START DATASET SECTION
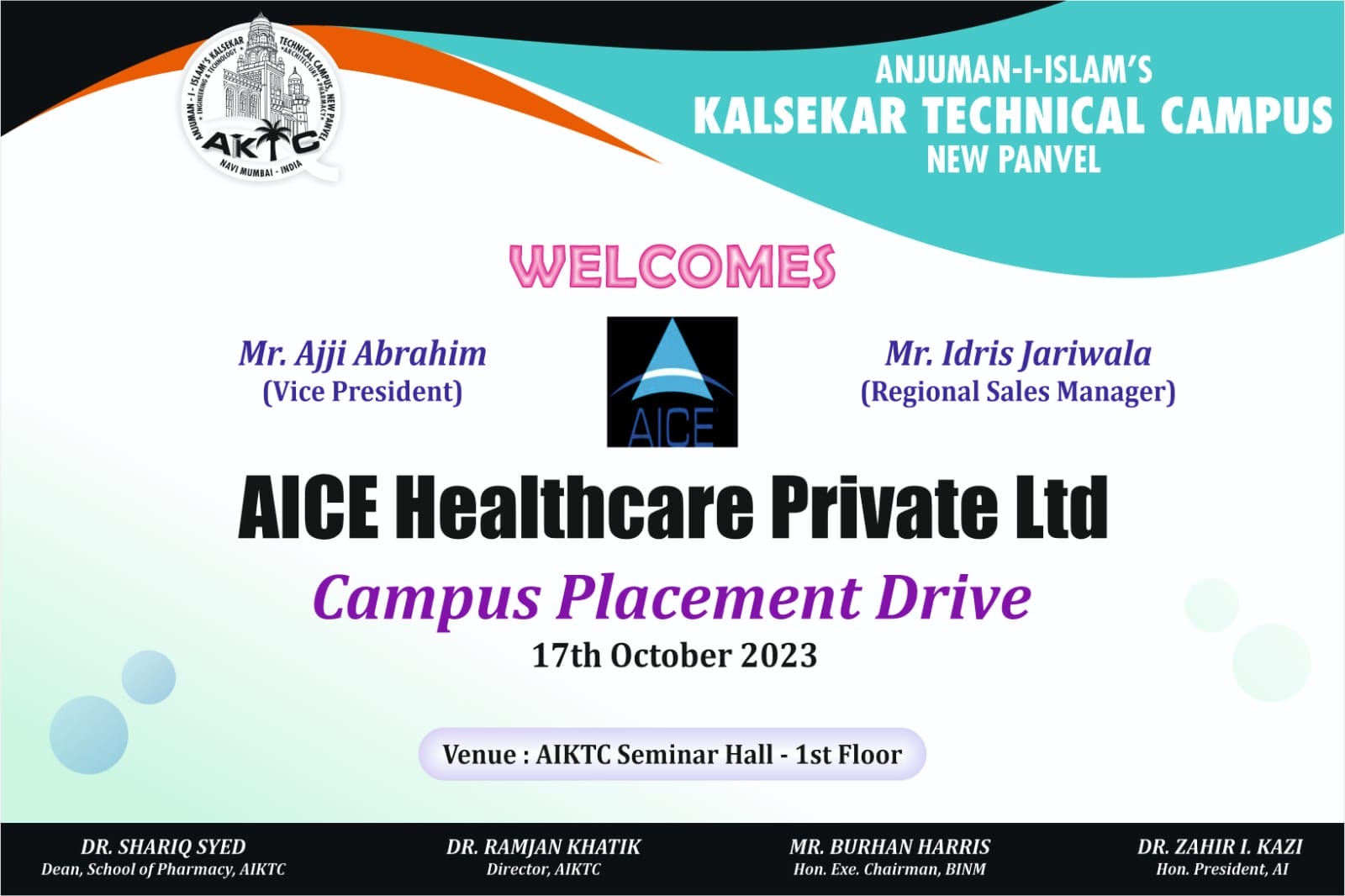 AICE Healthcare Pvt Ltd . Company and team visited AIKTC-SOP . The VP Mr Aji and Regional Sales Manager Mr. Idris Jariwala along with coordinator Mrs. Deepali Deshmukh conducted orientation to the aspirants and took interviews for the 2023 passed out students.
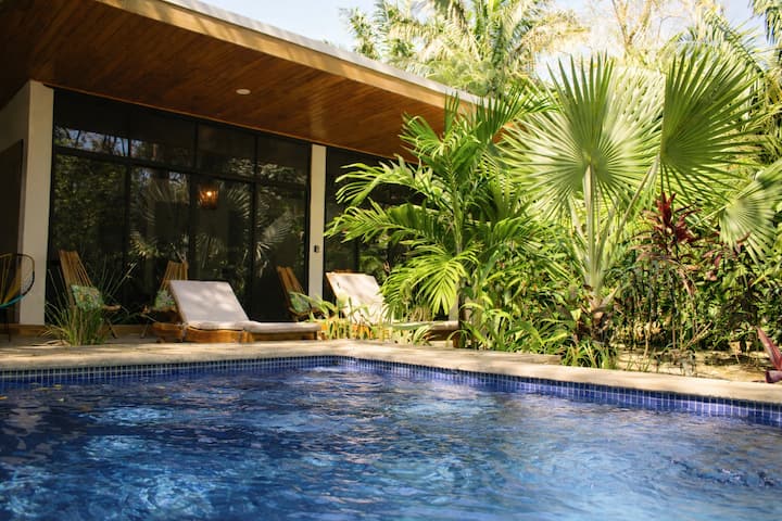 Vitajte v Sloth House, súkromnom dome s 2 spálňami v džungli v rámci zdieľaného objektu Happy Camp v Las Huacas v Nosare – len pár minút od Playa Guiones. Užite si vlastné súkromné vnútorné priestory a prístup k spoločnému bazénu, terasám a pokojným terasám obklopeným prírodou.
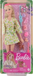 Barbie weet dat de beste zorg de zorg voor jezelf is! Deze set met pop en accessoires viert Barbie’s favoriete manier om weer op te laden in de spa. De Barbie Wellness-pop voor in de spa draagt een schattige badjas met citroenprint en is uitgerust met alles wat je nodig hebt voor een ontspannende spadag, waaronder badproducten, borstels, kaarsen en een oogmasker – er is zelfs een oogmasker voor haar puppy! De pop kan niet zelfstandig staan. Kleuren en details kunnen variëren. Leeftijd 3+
END DATASET SECTION
■ **ACTION ITEM**
Could you restate the material word for word, omitting the pictures?

■ **WRITTEN REPLY**
 AICE Healthcare Pvt Ltd . Company and team visited AIKTC-SOP . The VP Mr Aji and Regional Sales Manager Mr. Idris Jariwala along with coordinator Mrs. Deepali Deshmukh conducted orientation to the aspirants and took interviews for the 2023 passed out students.
 Vitajte v Sloth House, súkromnom dome s 2 spálňami v džungli v rámci zdieľaného objektu Happy Camp v Las Huacas v Nosare – len pár minút od Playa Guiones. Užite si vlastné súkromné vnútorné priestory a prístup k spoločnému bazénu, terasám a pokojným terasám obklopeným prírodou.
 Barbie weet dat de beste zorg de zorg voor jezelf is! Deze set met pop en accessoires viert Barbie’s favoriete manier om weer op te laden in de spa. De Barbie Wellness-pop voor in de spa draagt een schattige badjas met citroenprint en is uitgerust met alles wat je nodig hebt voor een ontspannende spadag, waaronder badproducten, borstels, kaarsen en een oogmasker – er is zelfs een oogmasker voor haar puppy! De pop kan niet zelfstandig staan. Kleuren en details kunnen variëren. Leeftijd 3+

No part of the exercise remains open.